Manœuvres dans le cyberespace : la stratégie Cybersécurité des USA

Spécialiste du secteur IT depuis une vingtaine d’années et en cybersécurité depuis une dizaine d’années, EH est aussi l’auteur du blog Si vis pacem para bellum qui a pour objet de diffuser, partager et communiquer sur les risques et les menaces liées aux technologies, en particulier la protection et la sécurité de l’information dans le cyberespace. Au-delà de ce champ au confluent de la technique et de l’humain, il s’intéresse également au secteur de la Défense, à l’industrie, à la géopolitique et à la prospective.


Superpuissances à la manœuvre

Ces derniers mois laissent à penser que les États-Unis ont décidé d’investir le cyberespace de manière puissante, rationnelle et cohérente. Le politique, parfaitement informé mais peut-être trop pris depuis une décennie par d’autres champs de bataille, semble finalement avoir compris quels avantages mais surtout quels dangers il existait à laisser d’autres pays, en particulier la superpuissance chinoise en devenir (et donc la nouvelle Union Soviétique d’hier ?), investir le cyberespace sans se préoccuper sérieusement de la protection des réseaux et systèmes fédéraux et militaires et, surtout, des informations qui y circulent.

CIDRIS ayant déjà fait une analyse approfondie et pertinente en ce qui concerne la stratégie publiée le 14 juillet par le Pentagone, celle-ci va simplement tenter d’en compléter certains axes et d’étendre des points de réflexion, n’engageant que leur auteur.

Manœuvre(s) dans le cyberespace

Pour de nombreux commentateurs avisés, la stratégie du Pentagone semble, en apparence, en dessous de ce à quoi nous avons été habitués. Doit-on y voir alors la marque d’une certaine humilité que cherche à imprimer l’administration Obama depuis qu’elle dirige les USA (20 janvier 2009) ou s’agit-il seulement d’un effet d’optique, volontairement recherché et mis en scène à Washington ?

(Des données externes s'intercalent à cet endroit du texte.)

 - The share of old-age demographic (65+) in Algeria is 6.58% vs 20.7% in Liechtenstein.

Après tout, quel intérêt y aurait-il à concevoir uniquement des moyens offensifs si le socle qui leur sert de couvert est ouvert aux quatre vents ? L’importance des budgets consacrés au sujet (12 milliards $ dont les 2/3 pour la Défense), en période d’austérité budgétaire généralisée, n’est pas un indice suffisant mais ne plaide néanmoins pas dans le sens de simples effets d’annonce ou d’une posture purement défensive.

Certains analystes avancent même l’idée que les États-Unis instrumentaliseraient une tendance « naturelle » du cyberespace (transposition de la « vraie vie » dans celui-ci : les actions délictueuses croient en proportion du nombre d’utilisateurs), le rendant bien plus anxiogène voire menaçant qu’il ne le serait en réalité. Cette opinion peut faire sens car, hormis peut-être un cas d’utilisation de moyens de cyber-warfare (l’opération Orchard en 2007), les « cyber-attaques » jusqu’à présent connues ressemblent davantage à l’expression de revendications politiques (phénomène Anonymous) ou économiques (le vol de biens immatériels -les données- qui possèdent une valeur monnayable) sans dégâts matériels ni victimes physiques.

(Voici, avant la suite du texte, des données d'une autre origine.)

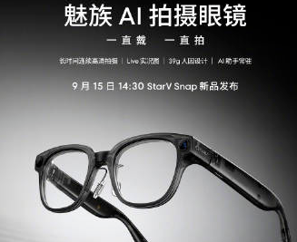 9月9日,魅族官方在微博发文,正式预热全新AI拍摄眼镜StarV Snap,这款定位“补全魅族智能眼镜生态”的新品将于9月15日14:30,在魅族22旗舰手机暨Flyme AIOS生态发布会中与旗舰手机同场发布。
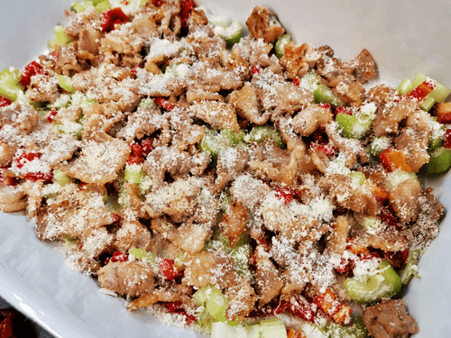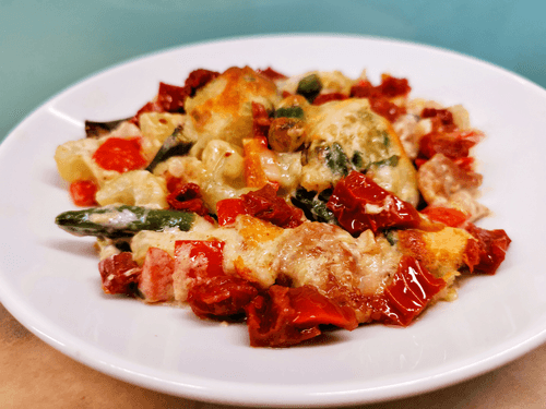 Достать блюдо, как только оно хорошо подрумянится, и перемешать с вялеными томатами.

Une défense (réellement) sans attaque ?

Alors que la stratégie dévoilée semble ne se concentrer que sur l’objectif de renforcer la défense des réseaux et des systèmes, cyber-armes et moyens offensifs sont étrangement absents du document. Dorénavant, ces derniers ne seraient plus étudiés, développés ou envisagés ? La vérité demeure forcément complexe et les États-Unis, tout comme la Chine ou la Russie, nous ont habitués à devoir essayer de lire entre les lignes afin de distinguer ce qui relève de la posture, de la désinformation ou, plus prosaïquement, de la réalité.

Les USA savent habilement mélanger des faiblesses supposées en forces déguisées avec, toujours, un jeu d’atouts bien cachés dans leur manche. Je rejoins donc l’article de Wired sur ce point, d’autant plus que le jeu de poker menteur est probablement permanent: alors que tout le monde a les yeux braqués sur le DHS et surtout le Pentagone, quid de la DARPA, de la DISA et surtout de la CIA ou bien de la NSA ? Sachant, pas exemple, que ces deux dernières agences, litote s’il en est, ne sont pas les moins bien loties en moyens, ressources et missions dévolues dans le cyberespace.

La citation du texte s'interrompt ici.